Stream the response for perceived speed

LLMs are slow to produce a full answer but fast to produce the first token. A response that streams word-by-word feels dramatically faster than a spinner that sits for six seconds — total time identical, experience transformed. Expose a streaming endpoint (Server-Sent Events works well and is simpler than WebSockets) and render tokens as they arrive:

final request = http.Request('POST', uri)..body = payload;
final response = await request.send();
response.stream.transform(utf8.decoder).listen((chunk) {
  setState(() => _answer += chunk);
});

Two things to get right beyond the happy path: show a subtle "thinking" indicator before the first token lands (there's still a gap while the model reads the prompt), and wire a stop button that actually cancels the request end-to-end — it saves the user's time and your tokens. Streaming has its own production pitfalls (buffering proxies are the classic one); the streaming post covers the full checklist. For short structured outputs — a category, a title — skip streaming entirely; it only earns its keep on text a human reads as it appears.
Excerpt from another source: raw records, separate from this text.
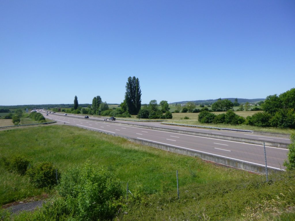 | Peu après, voici l’ombre écrasante de l’autoroute A31, ce fleuve d’acier et de bitume que l’on surnomme Autoroute de Lorraine-Bourgogne. Elle relie le Luxembourg à Beaune, charriant inlassablement le flux des poids lourds venus d’Allemagne, de Belgique et des Pays-Bas, sillonnant l’Europe comme des fourmis obstinées. Elle traverse Metz, Nancy, Dijon : autant de haltes anonymes sur ce grand chemin moderne. |
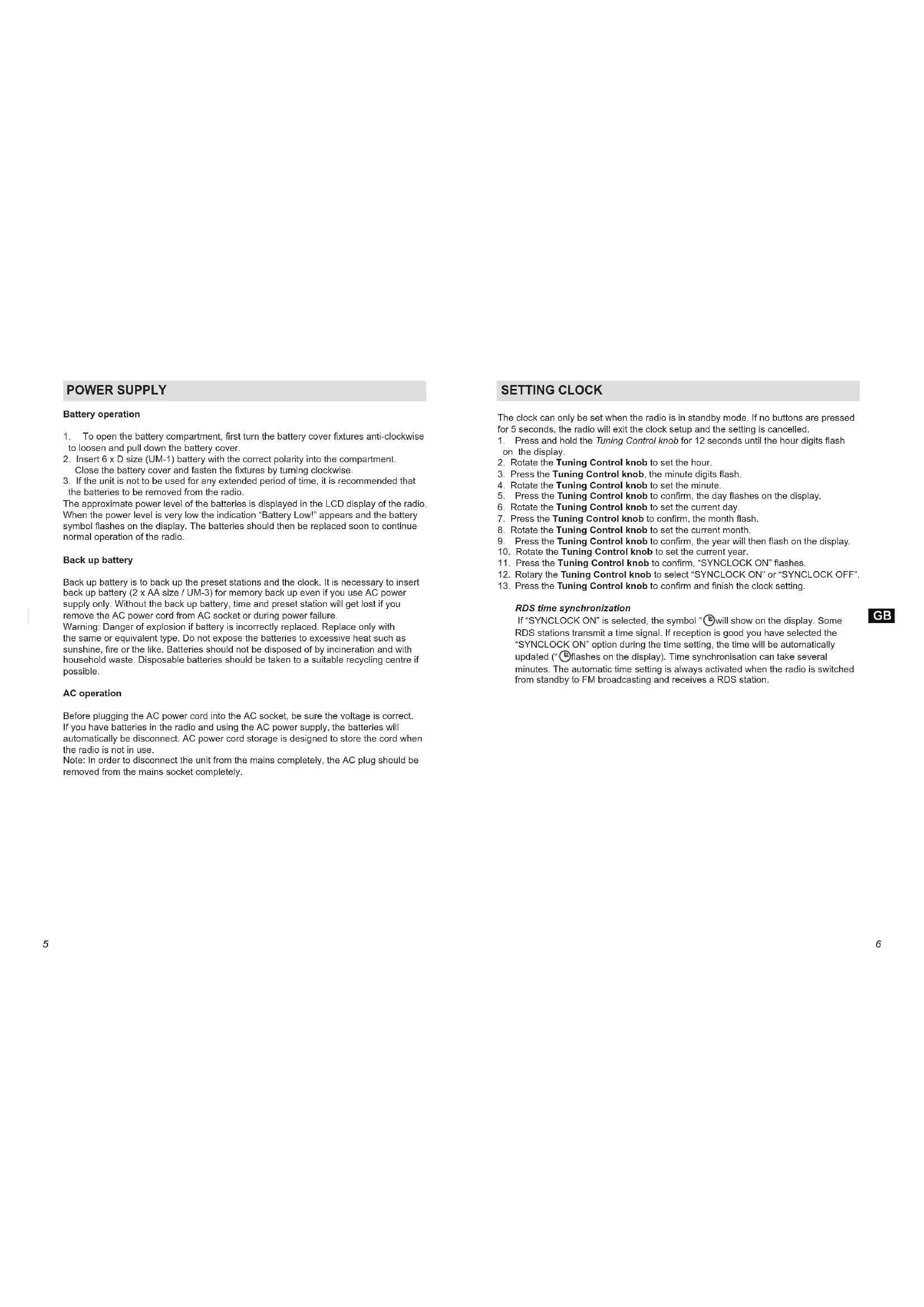 RDS time synchronization If “SYNCLOCK ON” is selected, the symbol “ ” will show on the display. Some RDS stations transmit a time signal. If reception is good you have selected the “SYNCLOCK ON” option during the time setting, the time will be automatically updated (“ ”ashesonthedisplay).Timesynchronisationcantakeseveral minutes. The automatic time setting is always activated when the radio is switched from standby to FM broadcasting and receives a RDS station.7 8
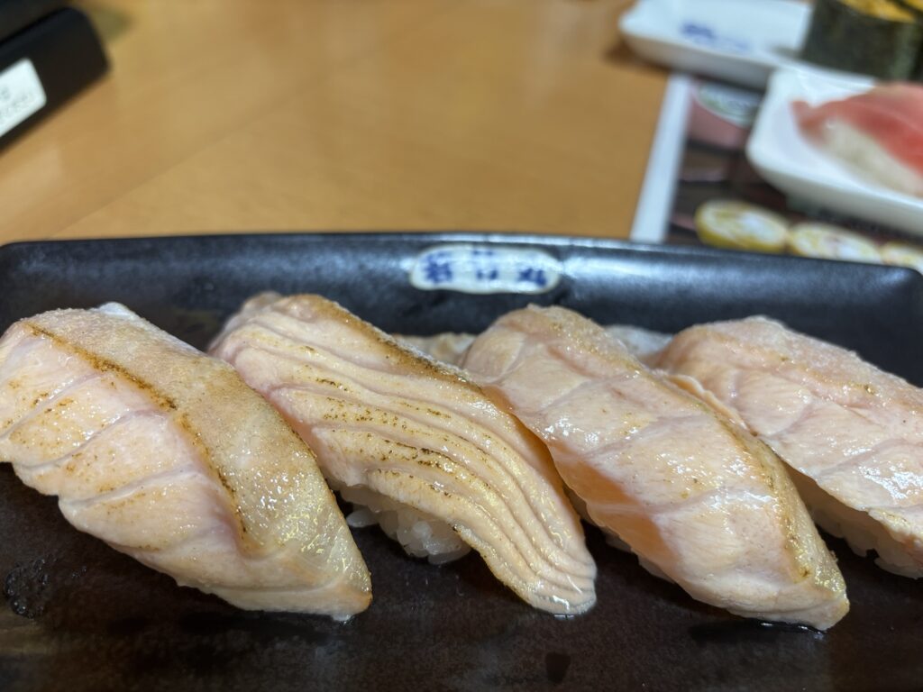 すんなり待たずに入れて、早速サーモンの炙り。
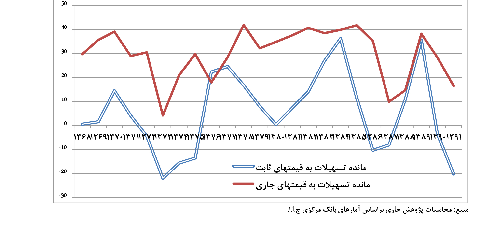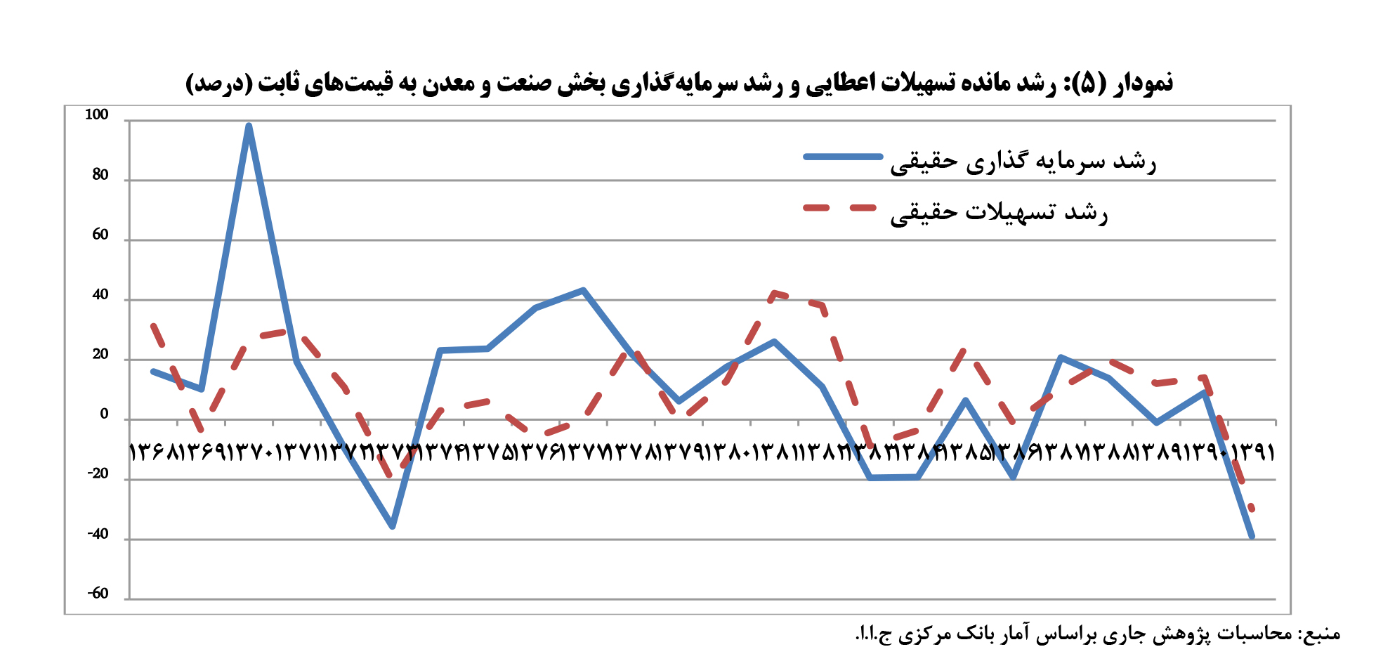 متوسط رشد مانده تسهیلات به قیمت جاری طی دوره 91-1368 معادل 29.8 درصد بوده است ولی متوسط رشد حقیقی آن 5.7 درصد بوده است که این امر ناشی از اثرات منفی تورم های دورقمی و بالای اقتصاد ایران بر قدرت خرید تسهیلات اعطایی است. گفتنی است با وجود رشد بيش از 10 درصدي تسهيلات حقيقي پرداختي به بخش صنعت و معدن در برنامه چهارم توسعه، سرمايهگذاري اين بخش رشد پایینی داشته است که می تواند ناشی از عوامل متعددی مانند تاثیرات بروز بيماري هلندي در اقتصاد ایران، افزایش قیمت نسبی محصولات غیرمبادله و به تبع آن کاهش رشد سرمایه گذاری بخش های مولد باشد. براساس نمودار (3) مشاهده می شود که علیرغم رشدهای بالای مانده تسهیلات اعطایی به قیمت جاری طی دوره 91-1368، ولی رشدهای حقیقی تسهیلات اعطایی در برخی سال ها حتی منفی بوده است. گفتنی است دوره 85-1376 تنها دوره ای است که به طور مستمر رشد حقیقی تسهیلات مثبت بوده است.

Control cost before it controls you

LLM calls cost money per token, mobile users tap buttons a lot, and unlike server costs the bill scales one-to-one with engagement. Three cheap safeguards, all server-side:

Rate-limit per user (e.g. N requests per minute, M per day). This stops abuse, runaway retry loops, and the one enthusiastic user who would otherwise be 40% of your bill.
Cache identical requests. Many prompts repeat across users; a hash-keyed cache turns repeats into free, instant responses.
Pick the smallest model that works. Default to a fast, cheap model and escalate to a larger one only for requests that genuinely need it — most mobile AI tasks (categorize, summarize, rewrite) don't. A small evaluation set tells you what "works" means with numbers instead of vibes.

Also debounce anything wired to typing, cap max_tokens on every call, and set a billing alert with your provider before launch, not after the first surprising invoice. The cost-control post goes deeper on all of this.

Design for failure

The network will drop mid-response, the provider will occasionally return errors or have an outage, and the model will sometimes produce nonsense with total confidence. Treat AI features as fallible by default:

Always show a graceful "couldn't generate that — try again" state, and keep whatever partial output already arrived rather than blanking the screen.
Never let an AI response silently overwrite user data. Suggestions get applied when the user accepts them; destructive actions get confirmed.
Time out deliberately (LLM calls can hang), and make retries explicit user actions rather than silent loops that triple your costs.
Log failures on the backend so you know your real-world failure rate. "It works when I try it" and "it works for users on hotel Wi-Fi" are different claims.

Mobile adds one more: users background the app mid-request. Decide what they see when they return — a resumed stream, a completed result, or an honest "that didn't finish."

Keep the UX honest

Label AI output as AI-generated, give users an easy way to edit or dismiss it, and never present a model guess as a certain fact — especially for anything involving numbers, dates, or money, where a confident wrong answer erodes trust in the entire app, not just the feature. The pattern that consistently works: AI drafts, user confirms. An editable suggestion the user approves in one tap feels magical; an auto-committed guess the user discovers was wrong three weeks later feels like a betrayal.

Both app stores also have review expectations around AI-generated content and data disclosure, so say plainly in your privacy policy what leaves the device and where it goes. Honest UX and smooth store review turn out to be the same work.

Summary

A good AI feature in Flutter is 10% model and 90% plumbing: a backend that holds your keys and enforces limits, a boring JSON contract with validation on the server side, streaming for perceived speed, hard cost ceilings, and a UI that assumes the model can be wrong and lets the user stay in charge. Get that scaffolding right and you can swap models, tune prompts, and grow the feature for years without ever touching the app binary again — which, in a world of week-long store reviews, is exactly where you want to be.